By contrast, in terms of their parameters, enterprise transformations must navigate far choppier waters. At any point, budgets are liable to be cut in favour of other ventures. What “good” looks like for the programme may wax and wane with changing corporate priorities. The inputs may also shift – the software that everyone believes is the hot ticket today may be out of favour in 18 months; or the feisty operations director, keen on process change, may have moved on before you’ve finished your Visio diagrams. With change so prevalent in modern organisations, moving quickly from a transformation strategy to the initiation of a large programme may be like trying to build a house on sand.
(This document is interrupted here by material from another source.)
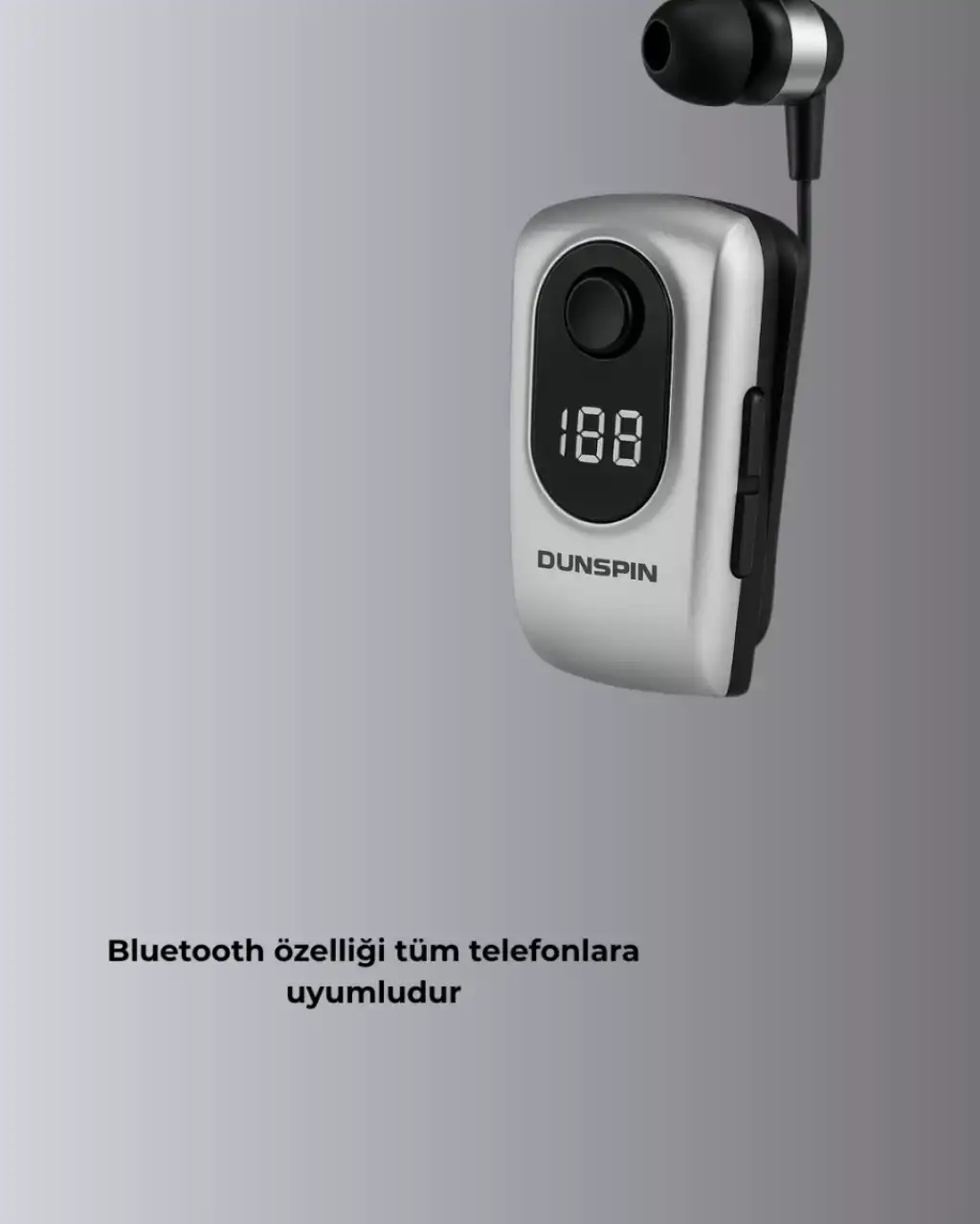 Yüksek performanslı Bluetooth 5.2 teknolojisiyle donatılmış bu kulaklık, 10 metreye kadar güçlü sinyal sağlar. Klipsli tasarımı sayesinde gömleğe kolayca takılır ve günlük kullanımda rahatlık sunar. Titreşimli arama bildirimi özelliği ile önemli çağrılar asla kaçmaz. 25 saate kadar konuşma ve müzik dinleme süresi sunan 140 mAh bataryası, sadece 20 dakikada şarj olur. Dijital ekranı sayesinde şarj durumunu her an takip edebilirsiniz.

There are other dangers with creating large programmes. Big programmes inevitably mean lots of consultants. There are many threats here. The first is the risk of upsetting your internal staff. “Once again the sexy stuff has gone to the hired help,” they cry. The consultants may also try to manage their risk by tying down scope and plans as tightly as possible, while vigorously resisting change. Again, while resisting change may be virtuous in stable environments, this can risk failure in endeavours as innately amorphous as attempting to transform an evolving organisation.

So what’s the alternative? When it comes to risky ventures CIOs should take inspiration from their high-flying cousins in the world of venture capitalism.

Could a better way to turn transformational visions into reality be to place a few bets? Backing several high-risk smaller projects may be more sensible than concentrating all the risk into a single programme.

The advantages of this suck-it-and-see approach are manifold.

First, from a motivation standpoint, you’re more likely to keep your most talented internal staff engaged and motivated. Some of them will get to keep their projects rolling, instead of being subsumed in the larger programme.

Second, by demanding these mini-projects adopt agile practices, providing early demonstrations of alpha-tested solutions, you can clearly see the ideas that are really working and what really matters to users. This is a much more reliable source of management information than that gleaned from workshops asking users what they think they might need.

Third, staff performance becomes more transparent. It’s easy to see which teams and individuals are delivering – unlike in a large programme, underperformers have nowhere to hide. Killing one failing “start-up project” is a lot easier than trying to weed out the chaff in a larger programme.

Finally, this suck-it-and-see, multiple-runners approach is much more resilient to the shifting tides of the evolving enterprise. If budgets get squeezed or priorities change, the CIO can focus on the projects that are best aligned to the new corporate strategy. Shifting the course of a large existing programme can be much trickier.

Does this “venturist” approach mean throwing out the consultants, the project managers or professional programme managers? No.

It does however mean thinking hard about when and how to bring in expert external supervision. When a project has truly proven itself in the internal marketplace, when its needs and likely outcomes have become more predictable, bringing in a professional programme manager might be the right answer.

Equally, consultants can act as excellent catalysts when deployed sparingly across multiple projects in the way directors at a venture capital firm might mentor several start-ups. This principle of expediency holds for project management reporting and auditing. While tracking project finances is imperative, lean regimes that focus on demonstrations of working solutions trump those seeking manicured project plans and exhaustive documentation.

So a venturist approach comes with a new set of responsibilities, a new set of values for managing risk and less regard for hierarchy. When it comes to transformation and innovation, CIOs need to embrace the ideals of venture capitalists, where flat structures, loose reins and the start-up ethos of letting the “teenagers in the garage” run the show get results.